OO vs Algorithm Specific Structure
Object Oriented Design is good, because it
uses concepts that we, humans, are comfortable with. A car object is a set of wheels, tyres,
seats, and it as a color, etc. You can define inheritance that prevents from
replicating the code.
With OO, you can write readable and
maintainable code, which is essential. But OO is not optimal for performance
because it fragments memory and forces one to consider an object systematically
as a whole.
If you take the example of a person with three attributes: a first name, a second name, and an age. Now imagine that you have a collection of
persons and you want to compute the average age of that population. With OO,
you will not only take the age attribute down to the processor but you will
also take the first and the second name down to the CPU, even if you do not need them in your
algorithm. Only because OO forces you do so, by design.
On the other hand, if you have an algorithm
specific data structure, you will separate you “person” object in two parts.
One for the name and family name, the
other one for the age. And only the data structure containing the age will be
taken down to the processor. This will dramatically increase the performance.
In the case of the ray-tracer, we do
exactly the same. A primitive such as a
sphere for example, is composed of a number of attributes such as the center,
the radius, the material properties, texture coordinates, etc. But when
processing intersection on the first pass of the algorithm, only the center and
the radius are needed, and this can be represented in the form of a float4.
For the boxes, only the two corners of the
box are needed, meaning two float3.
Order in RAM
Now that we have defined our data
structures, this needs to be optimized them for computers.

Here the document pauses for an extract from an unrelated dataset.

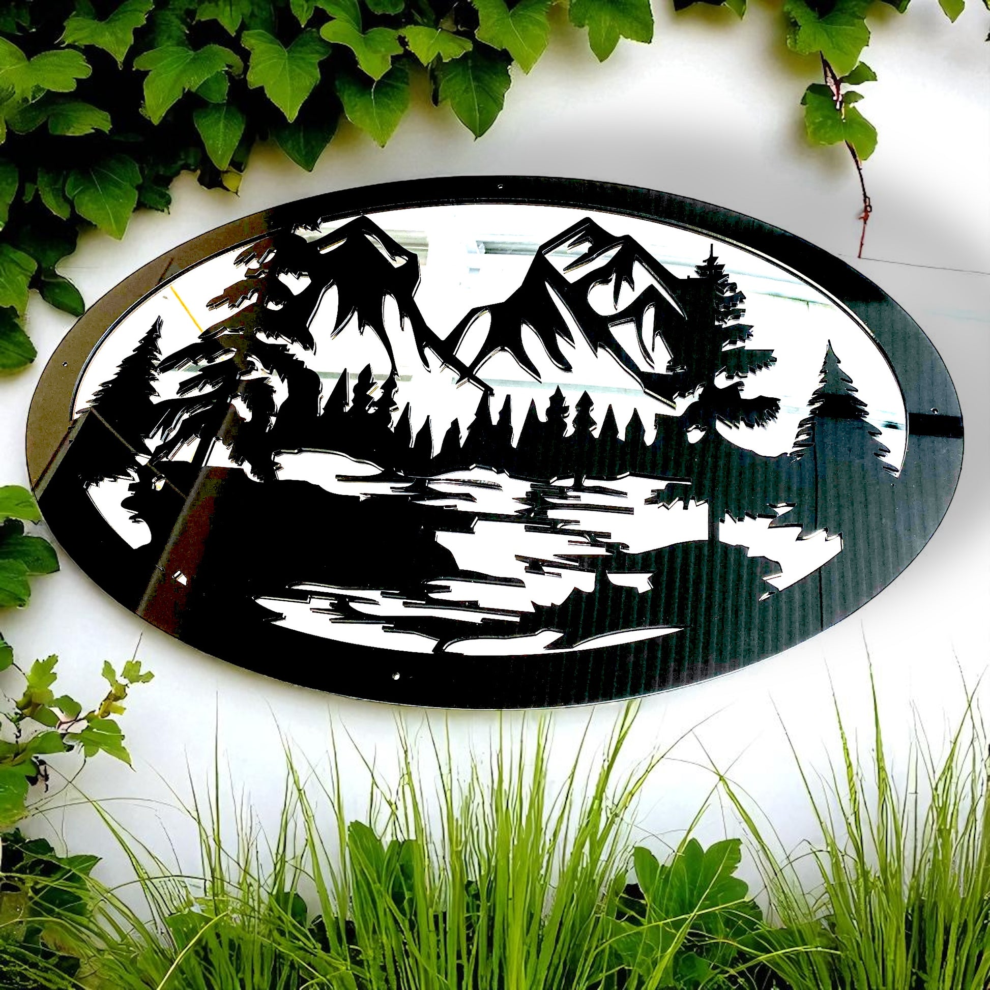 Oval Mountain Range Garden Mirror
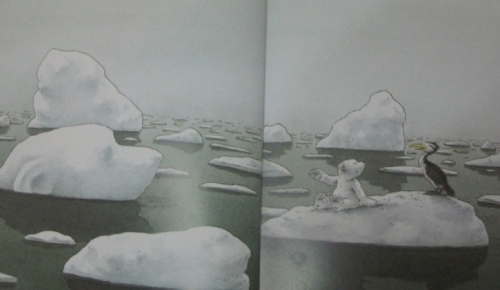 《小北极熊与鲸鱼朋友们》讲述的是小北极熊宝儿出生后,第一次享受到明媚的阳光,好奇的宝儿对万物充满了喜欢,她喜欢到处看看,在张望中,宝儿发现了一艘遇难的船。宝儿以为没有人在这只船上,谁知竟然看到了一个滑稽的鸟儿在晒太阳。他们很快交谈起来,鸬鹚并邀请宝儿和它一起去找白鲸,一起去捕鱼。当很多白鲸出现的时候,宝儿还确实有点害怕。白鲸是友好的,宝儿能感受到,很快他们就一起嬉戏了。当他们玩得正开心的时候,来了一艘捕鲸的大船。急中生智,宝儿有好办法,想到了一个离得不远,大船又进不去的港湾,白鲸们一起藏在哪里,让大船上的人看不到冰面下的白鲸们。徒劳无获的捕鲸人们空手而归,是聪明的宝儿就了大家。当大家都在兴奋度过危险时期的时候,发现冰块,雪块堵住了海湾出口,所以鲸鱼们都出不去了。聪明的宝儿又想出来了一个好办法,宝儿找来爸妈,人多力量大呢,一起造了一个帆布船,白鲸们沿着帆布挪动。所以的鲸鱼都出来了,宝儿又一次救了大家。有聚就有散。宝儿跟白鲸们恋恋不舍的别离。还好还有鸬鹚康尼的陪伴,他们一起欣赏雪景。整个故事体现了小北极熊的热情,友善,机智,聪明,在海洋馆里,白鲸和北极熊都是能看到的,但是确实隔着玻璃门不能相望的,这本书带给孩子们新的想象,曾经白鲸和北极熊是好朋友,他们在一起玩耍过。

In our case, we have boxes and we need to
compute the ray-box intersection for each of them. So let’s make sure that
boxes are aligned in memory.
As we go through our boxes, if an intersection is found, we need to get deeper into the box to make sure that there is an intersection with a primitive. Meaning that ordering primitives also is essential. This is what is being done at a second level. And as explained in the previous slide, only me minimal information is taken down to the processor.